The thing about a symphony is that it is LOUD. It's not a quartet, or a chamber group, or an orchestra, it's a SYMPHONY. To show someone your life, someone who is a complete stranger, a complete outsider, and say, This is what we do. This is our life. really risks them saying WHAT? are you kidding me? It's someone shouting at you "THIS IS WHAT YOU DO? THIS IS YOUR LIFE?" But you know, it was awesome. It was someone asking and answering questions, someone pointing out to you, WHAT IS THAT? WHY DO YOU DO THAT? It was someone giving me perspective. Completely innocent, impartial, non-judgemental perspective. Don't we all want a little SYMPHONY in our lives? Someone who says, "REALLY? INTERESTING!" Someone who shouts at us a little. "REALLY? YOU KNOW ALL THIS? WELL YOU DON'T KNOW ME YET!" He did not say that. He was super-polite, saying things like, "I am fine. Really." or "I do not know how to say..." and "It is not necessary". Um, yes, it is necessary for me to do your laundry once in two weeks. "I do not think so." It was a casual conversation with ultra-correct English being spoken. "It is not a problem." Someone who wakes us up to what we do and why we do it. It's refreshing. It's inspiring. I love the people I meet who teach me something new - about myself, about my life, about how I do things.

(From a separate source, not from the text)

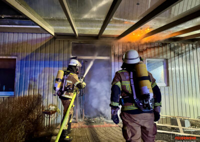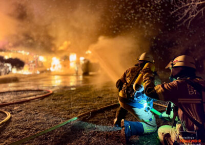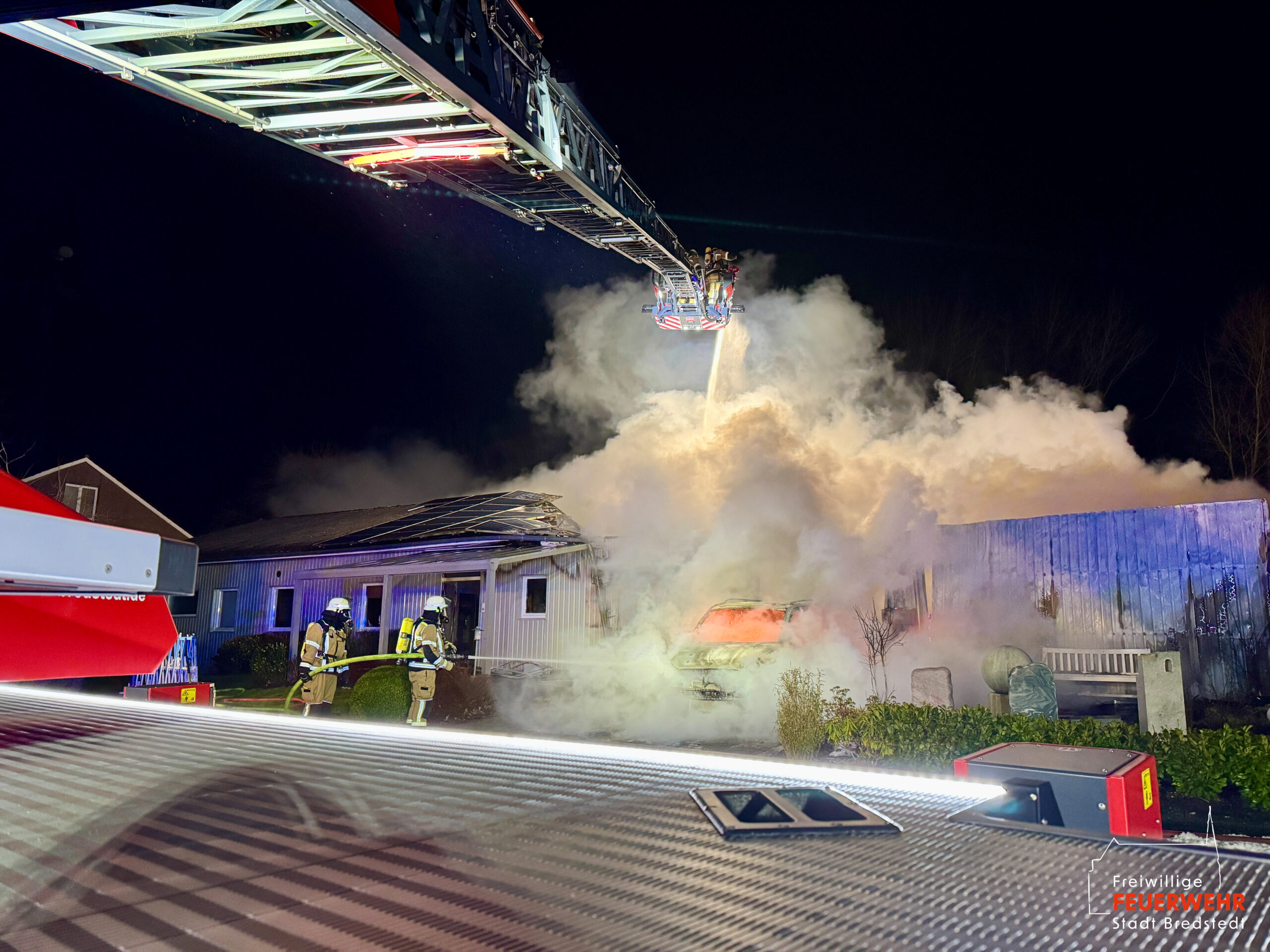 Vor Ort hatten Anrufer einen unklaren Feuerschein festgestellt und daraufhin die Notrufnummer 112 gewählt. Bereits auf der Anfahrt konnte die Leitstelle Nord die Einsatzadresse konkretisieren, da das Brandobjekt in Reichweite der örtlichen Bundespolizeidienststelle lag. Diese bestätigte einen Lagerhallenvollbrand; der grelle Feuerschein war bereits aus der Stadt gut zu erkennen. Aufgrund dieser Informationen ließ der Einsatzleiter das Stichwort noch während der Anfahrt auf FEU G (Feuer groß) erhöhen und die Feuerwehr Bordelum nachalarmieren. Die erste Erkundung zeigte einen Teilabschnitt des Hallenkomplexes in Vollbrand. Ein sich auf der Rückseite befindlicher oberirdischer Gastank war zeitweise von Flammen beaufschlagt und immenser Hitzestrahlung ausgesetzt, weshalb erste Trupps mit handgeführten Rohren eine Riegelstellung aufbauten. Parallel wurde die Drehleiter zur unmittelbaren Brandbekämpfung eingesetzt. Die Feuerwehr Bordelum unterstützte mit Atemschutzgeräteträgern und baute eine umfangreiche Wasserversorgung auf. Der Gastank konnte im Verlauf durch einen stationären Wasserwerfer dauerhaft gekühlt und geschützt werden. Weitere Trupps unter Atemschutz unterstützten die umfangreichen Löschmaßnahmen, während die Brandausbreitung an einer Brandschutzwand gestoppt wurde, sodass der Bürotrakt nahezu schadfrei gehalten werden konnte. Für die umfangreichen Nachlöscharbeiten wurden im Einsatzverlauf zusätzlich gezielt Atemschutzgeräteträger aus Breklum und Ost-Langenhorn nachgefordert. Die Feuerwehr Breklum unterstützte darüber hinaus mit ihrer Thermaldrohne bei der Suche nach Glutnestern unter der mittlerweile eingestürzten Hallenkonstruktion. Mithilfe eines Mobilbaggers konnten auch schwer erreichbare Hitzequellen freigelegt und abgelöscht werden. Die medizinische Absicherung der Einsatzkräfte übernahm anfänglich der Regelrettungsdienst, der im Verlauf durch Kräfte des DRK Bredstedt abgelöst wurde. Die Feuerwehr Bredstedt befand sich rund sechs Stunden im kontinuierlichen Einsatz.
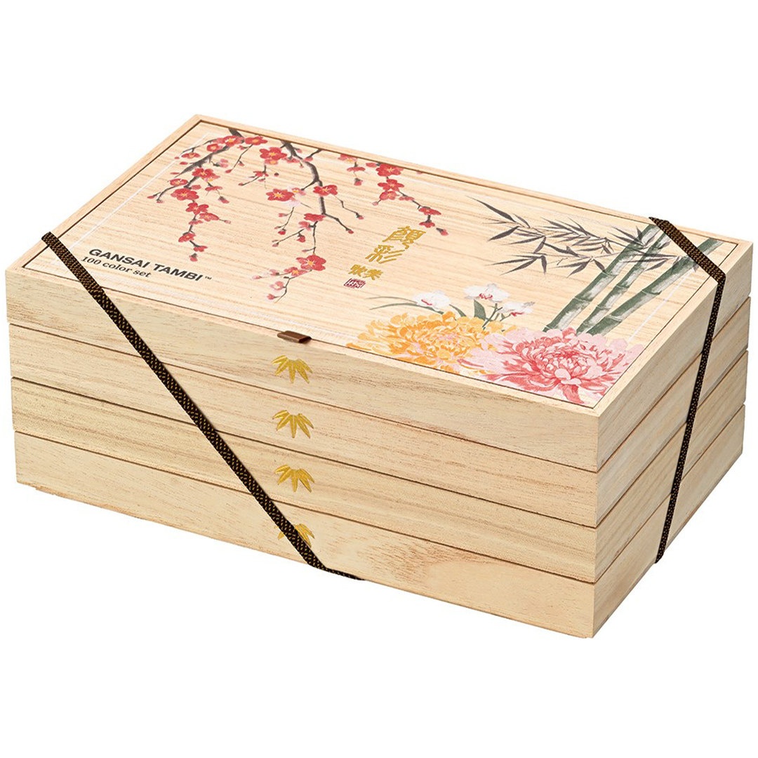 Rajoitettu painos Gansai Tambi -setti, joka sisältää kaikki sata väriä, kauniisti pakattuna ainutlaatuiseen puulaatikkoon.

My first graders do the same. This year I feel like they are saying, "REALLY? YOU THINK YOU KNOW HOW TO TEACH? WELL YOU DON'T KNOW ME YET!" It's awesome. It's a new perspective. It's inspiring.

No change, I can change
I can change, I can change
But I'm here in my mold
I am here in my mold
But I'm a million different people
from one day to the next
I can't change my mold
No, no, no, no, no

So I always thought the lyrics were "I'm here in my mind", not "here in my mold". Now I see how different the meaning is. "Here in my mind" is a good thing. You're settled. You're secure. You're you. "Here in my mold" - not so much. You're trapped. You're conformed. You're like everyone else. So I don't know. Am I like everyone else? Every other American Paul met? Does he see any distinction? Do I?

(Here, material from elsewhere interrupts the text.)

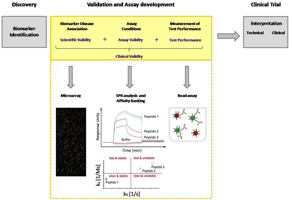 Today, immunoassays are the fundamental method of protein analysis and have gained importance as powerful tools in basic and applied proteomic research. Immunoassays have their origin in the 1950s, when Berson and Yalow developed the first immunoassay for insulin, using radioactive labeled antibodies for detection [21]. To avoid radioactivity, in 1971 Engvall and Perlmann introduced an alkaline phosphatase conjugated antibody for detection that displays the classical detection principle of an ELISA (Enzyme-linked immunosorbent assay) [22]. In the late 1980s, Ekins, the founder of multi-analyte immunoassays, conceived the “Ambient-Analyte-Theory” and discussed the application of a parallelized microspot immunoassay in immune diagnostics [23,24]. His theoretical examinations and his experimental work demonstrated that simultaneous microspot immunoassays can be carried out with classical ELISA. Through miniaturization, a greater sensitivity and selectivity, as well as a higher throughput can be achieved. However, Ekins' theory gained even more importance after the development of DNA chip technology in the 90's, which coincided with the worldwide breakthrough of biochip technology [25]. The innovation of advanced equipment such as pipette robots, spotters and fluorescence readers allowed the production of microarrays with thousands of microspots, as well as the sensitive and high-resolution detection of bound target molecules. Since DNA microarrays are a well established tool in molecular biology, several groups have used this technology in order to immobilize proteins instead of DNA on the arrays [26,27]. Those arrays are miniaturized immunoassays used for protein or antibody detection from complex media. The rapid rise of immunoassays in protein analytics, combined with the development of protein arrays, and later peptide arrays as multiparametric immunoassay, illustrates the enormous potential of this technique in diagnostics. Within the last decade, multi-analyte immunoassays have led to the identification of a huge number of biomarkers from serum, particularly new antigens, and to the elucidation of disease progress. However, the current limitation is the validation of biomarker candidates. One of the major challenges in biomarker validation and diagnostic assay development is the availability of high-quality capture molecules, e.g., antibodies. Several efforts have been seek for the assortment of well-characterized affinity-based molecules, not limited to antibodies, in one database [28,29]. But also different other aspects of the entire validation process need to be improved. Technologies like MS and ELISA currently used for biomarker discovery and validation are not able to achieve the combination of high throughput with high measurement accuracy and precision. Compared with traditional ELISA, multiplex arrays have several advantages, including their high-throughput nature, requirement for smaller sample volume, efficiency in terms of time and cost, the ability to evaluate one antigen in the context of multiple others and the ability to reliably detect different proteins across a broad dynamic range. Multi-analyte immunoassays are excellently suited for the entire biomarker discovery process. During the validation procedure biomarkers must be identified and the disease association must be explained as well as the assay conditions must be defined before moving with that candidate in clinical trial (Figure 1). Hence, a clinical study is expensive, time-consuming, and a consumption of rare patient samples should be prevented. The group of Peter Nilsson pointed out the potential of staged proteomic profiling of serum by using a combination of different affinity-based methods. They had also considered the primary problem of biomarker analysis: the establishment of efficient throughput methods for validation of large generated datasets. Larger studies are needed to investigate the protein expression with the help of independent microarray platforms, and to finally overcome the inherent throughput limitations of Western Blot and ELISA. This dual confirmatory approach allows large-scale cross platform analysis and validation of antibody performance under assay conditions [30].

The other funny thing is that of all the billions of people, how did this one single person, male, German, age 15, come into our lives? He was funny, smart, kind, cute. He was so much like us. So much of the million different people we are were in him. It was a wonderful bittersweet symphony. We will miss him. We will miss our time together. He spent a good 40 minutes swimming in the Atlantic Ocean in October last weekend. He was so happy. How do you recapture that? How do you find words to explain that symphony of life? But we said goodbye to the ocean, and we said goodbye to Paul.

Well I never pray
But tonight I'm on my knees yeah
I need to hear some sounds that recognize the pain in me, yeah

I do pray. But tonight I'll pray for one more person in the world. One more family that is so like my own. One more family that knows the lyrics to the Bittersweet Symphony, because, don't we all? Tomorrow they will wake to meet their son at the train station in Frankfurt. Their son who they haven't seen in two weeks. What a symphony it will be.